The newline character is ' \ n ' and the ASCII encoding is 10 (hexadecimal 0x0a).

If you use a different meta-character at the same time, we can construct a more powerful regular expression. For example, the following:

0\d\d-\d\d\d\d\d\d\d\d matches such a string: starting with 0, then two digits, then a hyphen "-", and finally 8 digits (that is, China's phone number.) Of course, this example only matches the case where the area code is 3 bits).

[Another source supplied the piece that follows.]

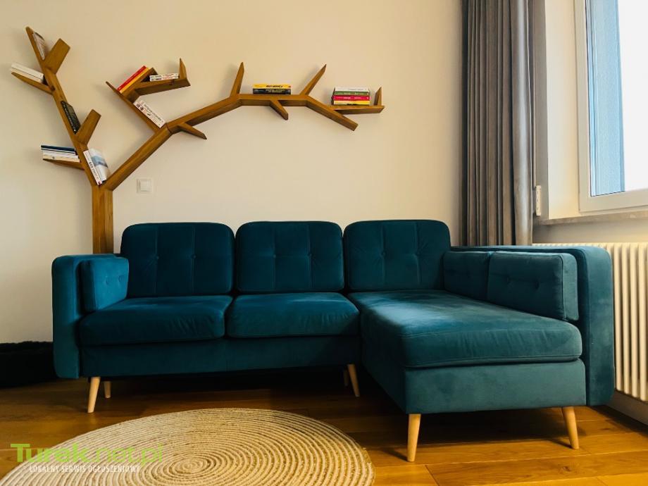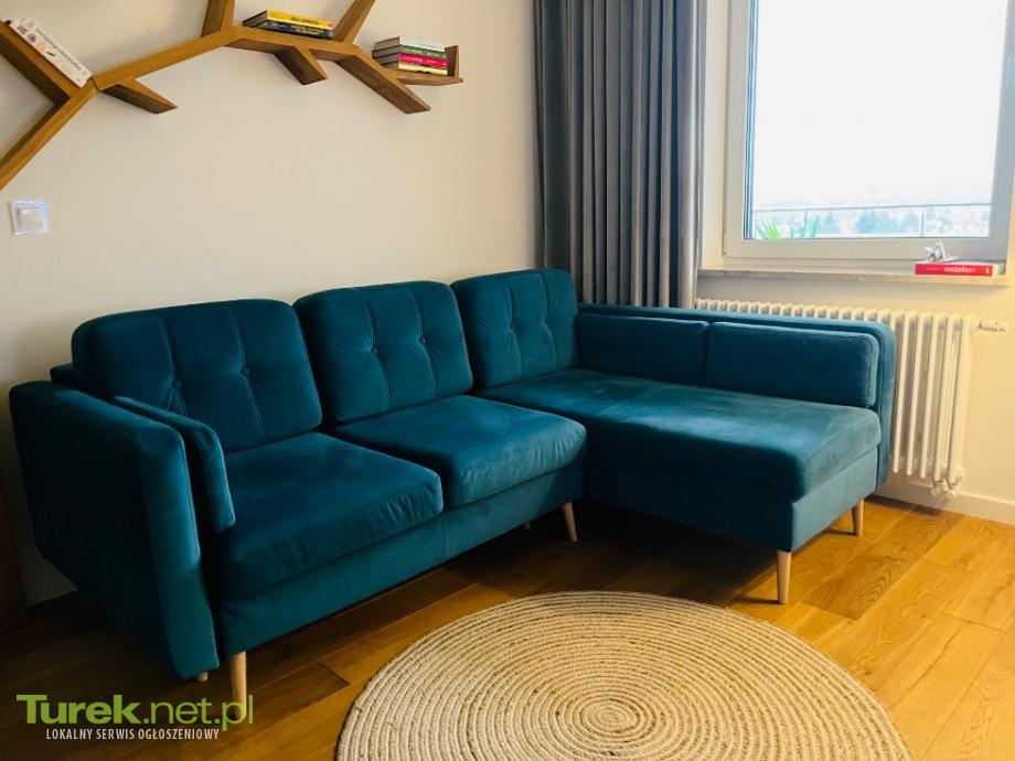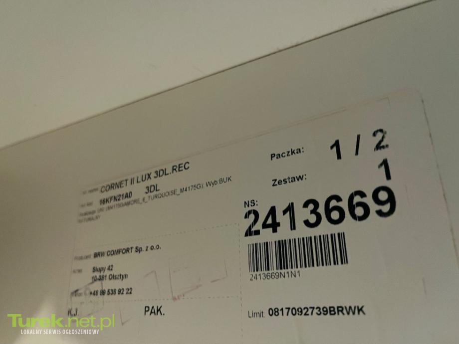 Narożnik z funkcją spania marki Black Red White . Model Cornet II Lux . Kolor morski . Lekki , wytrzymały , estetyczny . Stan jak nowy . Funkcja spania - sprawny mechanizm rozkładania . Pojemnik na pościel . Wymiary : szerokość 223 cm , wysokość 90 cm , głębokość 170 cm . Odbiór własny mebla - Turek - blok z windą . Zapraszam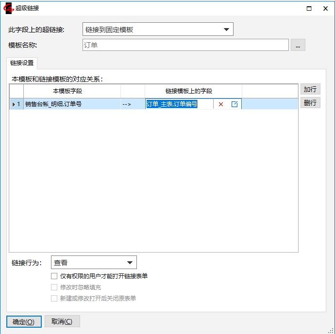 在“链接设置”中,“本模板字段”自动显示了“订单号”,不变,“链接模板上的字段”,在弹出窗口选择“订单_主表.订单编号”;

The \d here is a new meta-character that matches one number (0, or 1, or 2, or ...). -not a meta-character, only matches itself-a hyphen (or a minus sign, or a middle line, or whatever you call it). to avoid so many annoying repetitions, we can also write this expression:0\d{2}-\d{8}. Here {2} ({8}) behind \d means that the front \d must match 2 times consecutively (8 times).

Metacharacters

Table 1. Commonly used meta-characters

Code	Description
.	Match any character other than line break
\w	Match letters or numbers or underscores or kanji
\s	Match any of the whitespace characters
\d	Match numbers
\b	Match the beginning or end of a word
^	Match the start of a string
$	Match the end of a string

Metacharacters ^ (and the number 6 on the same keyed symbol) and $ All match a position, which is a bit similar to \b. ^ matches the end of the string you want to use to find the beginning of thematch. These two codes are useful when validating input, such as a Web site that requires you to fill in a 5-bit to 12-digit QQ number, which you can use:^\d{5,12}$. The { 5,12} here is similar to the {2} described earlier, except that {2} matches can only be repeated 2 times, and{5,12} is repeated no less than 5 times, not more than 12 times, otherwise it does not match.

Character escapes

If you want to find the meta-character itself, such as when you look up , or *, there's a problem: You can't specify them, because they'll be interpreted as something else. Then you have to use \ To cancel the special meaning of these characters. Therefore, you should use \. and \*. Of course, to find \ itself, you also have to use \ \.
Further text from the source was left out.